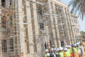Cette descente sur le terrain avait pour objectif principal de s’enquérir de l’état d’avancement des travaux de cette gigantesque infrastructure judiciaire, appelée à transformer durablement le fonctionnement des juridictions dans la capitale. Sur place, la délégation ministérielle a pu constater de visu l’évolution significative du chantier, notamment du premier bloc actuellement en phase avancée de construction.
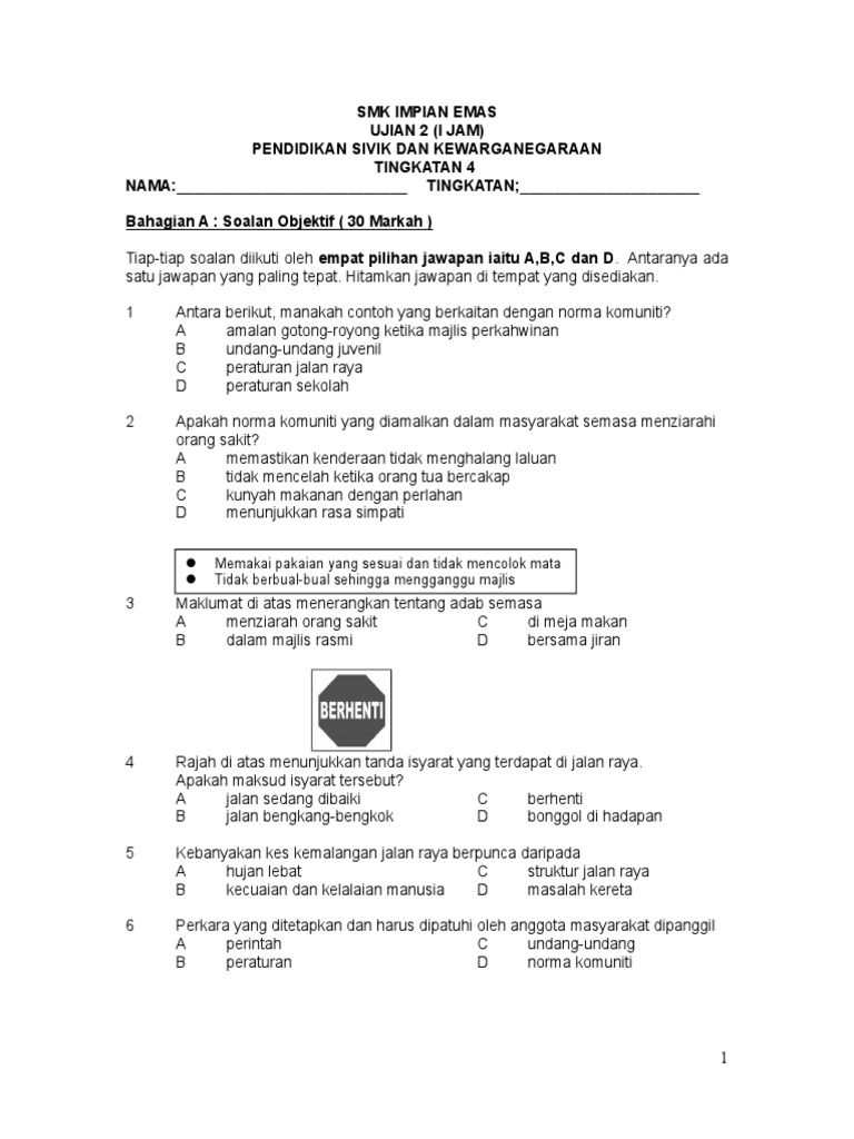 Smk Impian Emas Ujian 2 I Jam Pendidikan Sivik Dan Kewarganegaraan Tingkatan 4 Nama Tingkatan Bahagian A Soalan Objektif 30 Markah
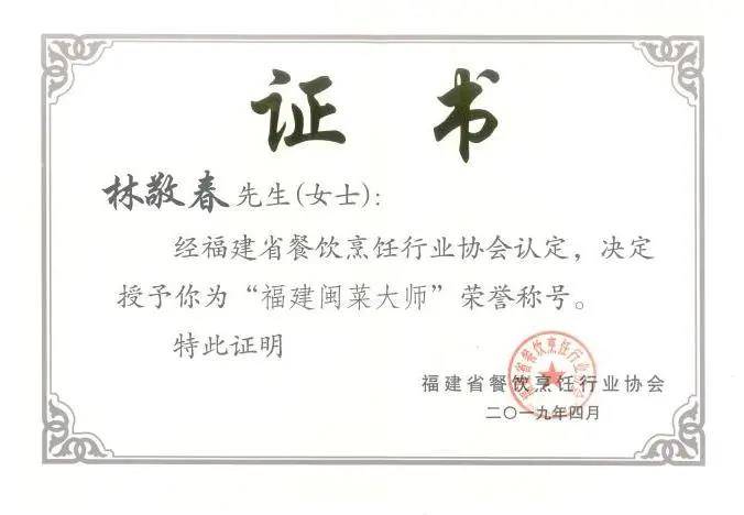 23年来,他曾受聘于多家星级酒店担任行政总厨,长期担任高等院校烹调专业教师。精心钻研闽菜烹调技艺,从学徒以来一直都积极热爱这个行业,积极投入到烹饪行业中。2019年4月,被福建省餐饮烹饪行业协会授予“福建闽菜大师”荣誉;2019年8月,获中式烹调师一级/高级技师;2020年评福州林敬春技能大师工作室。他就是青年烹饪艺术家林敬春。
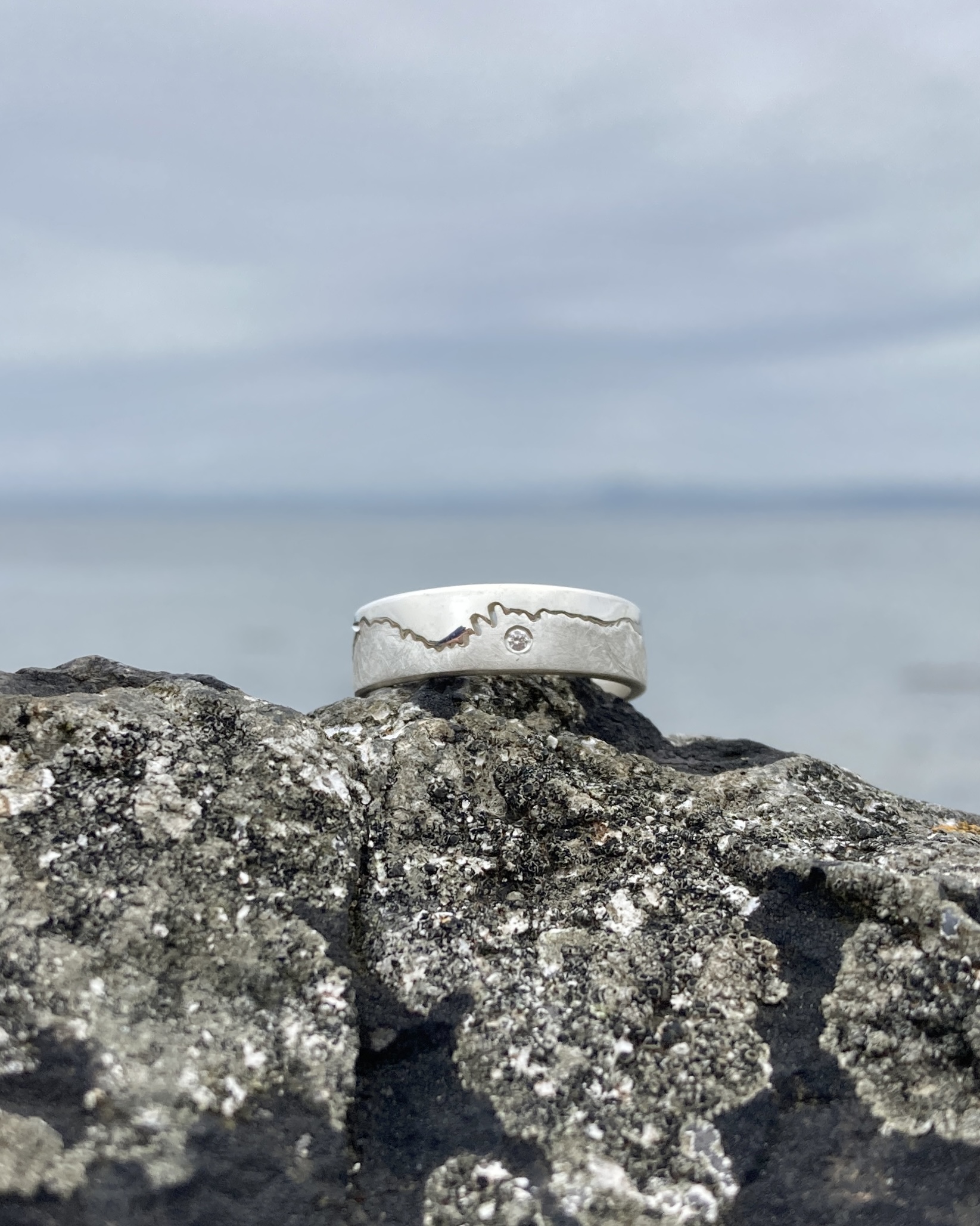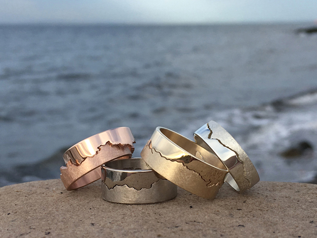 My collections have evolved organically over time, with 99% of my work being bespoke and personalised to a piece of coastline, mountain range or skyline that person holds dear. My most popular collection is my two-part coastline rings, each carefully hand cut so one half reflects the land and the other reflects the sea. Each ring is crafted with precious metals with optional diamonds to mark special spots along the shore. My latest collection is inspired by beach pebble’s marks and lines reflecting an entire alphabet. Iโve recreated each pebble into silver letter pendants and cufflinks and they have quickly become a customer favourite.

___

◆ Problem to work on
Please copy, exactly and only, the lines of the listing that run from the one holding "23年来,他曾受聘于多家星级" through its last line, and exclude pictures.

◆ Result for this exercise
 23年来,他曾受聘于多家星级酒店担任行政总厨,长期担任高等院校烹调专业教师。精心钻研闽菜烹调技艺,从学徒以来一直都积极热爱这个行业,积极投入到烹饪行业中。2019年4月,被福建省餐饮烹饪行业协会授予“福建闽菜大师”荣誉;2019年8月,获中式烹调师一级/高级技师;2020年评福州林敬春技能大师工作室。他就是青年烹饪艺术家林敬春。
 My collections have evolved organically over time, with 99% of my work being bespoke and personalised to a piece of coastline, mountain range or skyline that person holds dear. My most popular collection is my two-part coastline rings, each carefully hand cut so one half reflects the land and the other reflects the sea. Each ring is crafted with precious metals with optional diamonds to mark special spots along the shore. My latest collection is inspired by beach pebble’s marks and lines reflecting an entire alphabet. Iโve recreated each pebble into silver letter pendants and cufflinks and they have quickly become a customer favourite.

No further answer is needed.